* [Assignment] Each line below needs to be duplicated without alteration.

Stored data:
┄┄┄┄┄┄┄┄┄┄┄┄┄┄┄┄┄┄┄┄
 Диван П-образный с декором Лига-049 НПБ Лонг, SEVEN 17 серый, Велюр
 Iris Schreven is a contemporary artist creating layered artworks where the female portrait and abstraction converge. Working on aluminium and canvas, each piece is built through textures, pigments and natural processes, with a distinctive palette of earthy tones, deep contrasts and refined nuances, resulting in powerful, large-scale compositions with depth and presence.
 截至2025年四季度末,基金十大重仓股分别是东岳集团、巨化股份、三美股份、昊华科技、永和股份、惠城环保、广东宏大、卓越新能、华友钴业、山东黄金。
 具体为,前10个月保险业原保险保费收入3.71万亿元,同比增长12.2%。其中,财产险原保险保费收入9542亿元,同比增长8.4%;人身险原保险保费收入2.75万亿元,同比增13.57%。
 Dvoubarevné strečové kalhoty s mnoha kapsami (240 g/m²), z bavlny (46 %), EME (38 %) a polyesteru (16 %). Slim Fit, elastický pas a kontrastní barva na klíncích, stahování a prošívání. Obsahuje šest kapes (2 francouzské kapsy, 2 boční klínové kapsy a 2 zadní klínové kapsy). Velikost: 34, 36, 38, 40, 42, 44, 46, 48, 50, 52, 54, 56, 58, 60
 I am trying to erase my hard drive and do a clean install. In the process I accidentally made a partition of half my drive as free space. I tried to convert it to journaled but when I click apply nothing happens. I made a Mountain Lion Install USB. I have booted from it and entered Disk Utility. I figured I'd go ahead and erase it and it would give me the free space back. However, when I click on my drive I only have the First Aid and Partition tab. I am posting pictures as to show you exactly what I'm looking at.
┄┄┄┄┄┄┄┄┄┄┄┄┄┄┄┄┄┄┄┄
* [Result of this task]
 Диван П-образный с декором Лига-049 НПБ Лонг, SEVEN 17 серый, Велюр
 Iris Schreven is a contemporary artist creating layered artworks where the female portrait and abstraction converge. Working on aluminium and canvas, each piece is built through textures, pigments and natural processes, with a distinctive palette of earthy tones, deep contrasts and refined nuances, resulting in powerful, large-scale compositions with depth and presence.
 截至2025年四季度末,基金十大重仓股分别是东岳集团、巨化股份、三美股份、昊华科技、永和股份、惠城环保、广东宏大、卓越新能、华友钴业、山东黄金。
 具体为,前10个月保险业原保险保费收入3.71万亿元,同比增长12.2%。其中,财产险原保险保费收入9542亿元,同比增长8.4%;人身险原保险保费收入2.75万亿元,同比增13.57%。
 Dvoubarevné strečové kalhoty s mnoha kapsami (240 g/m²), z bavlny (46 %), EME (38 %) a polyesteru (16 %). Slim Fit, elastický pas a kontrastní barva na klíncích, stahování a prošívání. Obsahuje šest kapes (2 francouzské kapsy, 2 boční klínové kapsy a 2 zadní klínové kapsy). Velikost: 34, 36, 38, 40, 42, 44, 46, 48, 50, 52, 54, 56, 58, 60
 I am trying to erase my hard drive and do a clean install. In the process I accidentally made a partition of half my drive as free space. I tried to convert it to journaled but when I click apply nothing happens. I made a Mountain Lion Install USB. I have booted from it and entered Disk Utility. I figured I'd go ahead and erase it and it would give me the free space back. However, when I click on my drive I only have the First Aid and Partition tab. I am posting pictures as to show you exactly what I'm looking at.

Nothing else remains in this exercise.